Data items
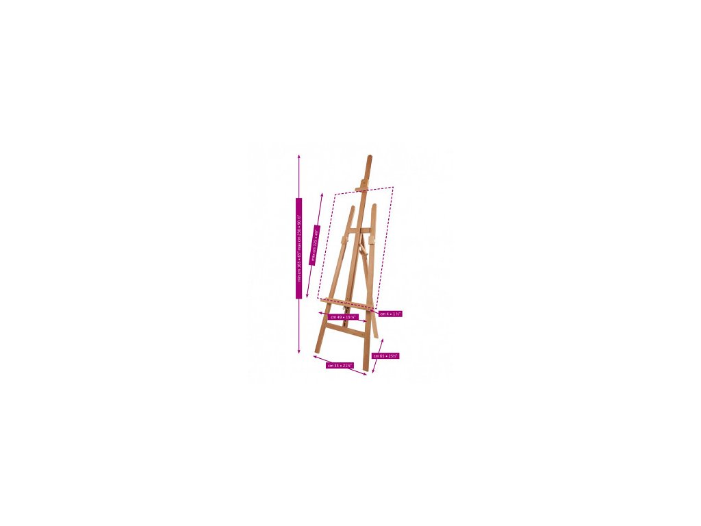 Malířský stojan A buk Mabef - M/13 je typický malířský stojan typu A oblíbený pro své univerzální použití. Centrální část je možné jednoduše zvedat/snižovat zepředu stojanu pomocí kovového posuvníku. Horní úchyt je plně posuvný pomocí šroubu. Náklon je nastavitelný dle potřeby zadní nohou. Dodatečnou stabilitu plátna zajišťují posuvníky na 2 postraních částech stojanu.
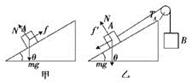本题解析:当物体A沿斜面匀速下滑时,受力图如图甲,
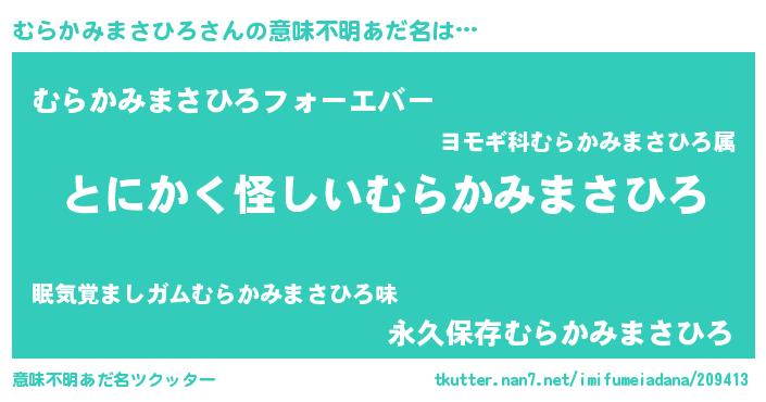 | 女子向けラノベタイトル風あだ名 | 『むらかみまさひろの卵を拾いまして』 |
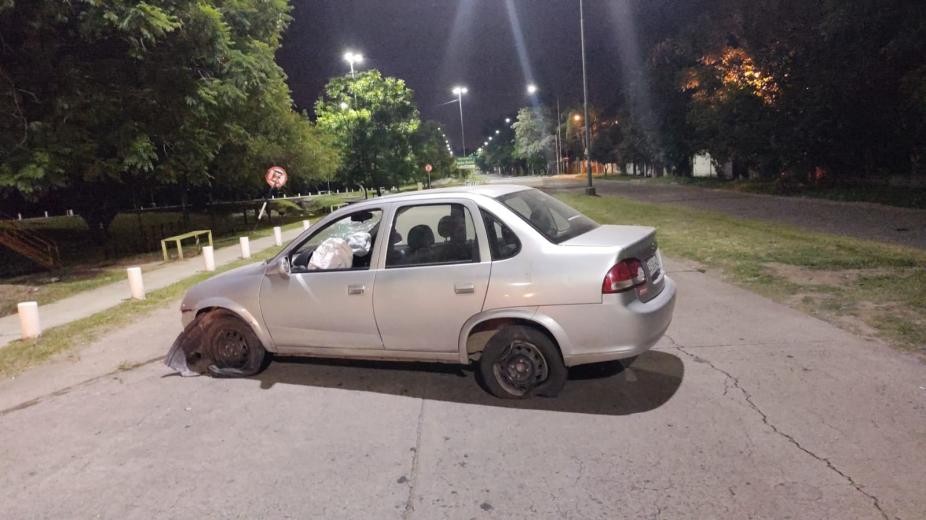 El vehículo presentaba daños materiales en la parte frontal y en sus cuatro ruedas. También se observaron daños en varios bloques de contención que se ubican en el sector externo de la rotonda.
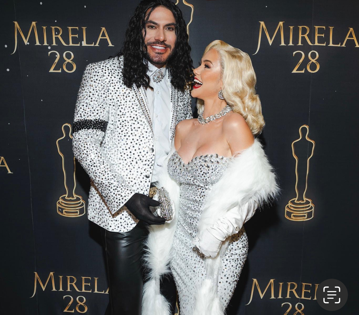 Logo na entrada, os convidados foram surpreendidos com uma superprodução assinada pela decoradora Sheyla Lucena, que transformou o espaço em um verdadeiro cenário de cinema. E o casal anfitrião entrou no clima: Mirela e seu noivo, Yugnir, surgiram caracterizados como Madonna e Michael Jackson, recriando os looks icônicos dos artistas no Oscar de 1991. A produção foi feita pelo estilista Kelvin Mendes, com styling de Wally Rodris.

## TASK PROMPT:
Every line above goes into your copy exactly; no images go in.

## COMPLETED TASK:
 Malířský stojan A buk Mabef - M/13 je typický malířský stojan typu A oblíbený pro své univerzální použití. Centrální část je možné jednoduše zvedat/snižovat zepředu stojanu pomocí kovového posuvníku. Horní úchyt je plně posuvný pomocí šroubu. Náklon je nastavitelný dle potřeby zadní nohou. Dodatečnou stabilitu plátna zajišťují posuvníky na 2 postraních částech stojanu.
本题解析:当物体A沿斜面匀速下滑时,受力图如图甲,
 | 女子向けラノベタイトル風あだ名 | 『むらかみまさひろの卵を拾いまして』 |
 El vehículo presentaba daños materiales en la parte frontal y en sus cuatro ruedas. También se observaron daños en varios bloques de contención que se ubican en el sector externo de la rotonda.
 Logo na entrada, os convidados foram surpreendidos com uma superprodução assinada pela decoradora Sheyla Lucena, que transformou o espaço em um verdadeiro cenário de cinema. E o casal anfitrião entrou no clima: Mirela e seu noivo, Yugnir, surgiram caracterizados como Madonna e Michael Jackson, recriando os looks icônicos dos artistas no Oscar de 1991. A produção foi feita pelo estilista Kelvin Mendes, com styling de Wally Rodris.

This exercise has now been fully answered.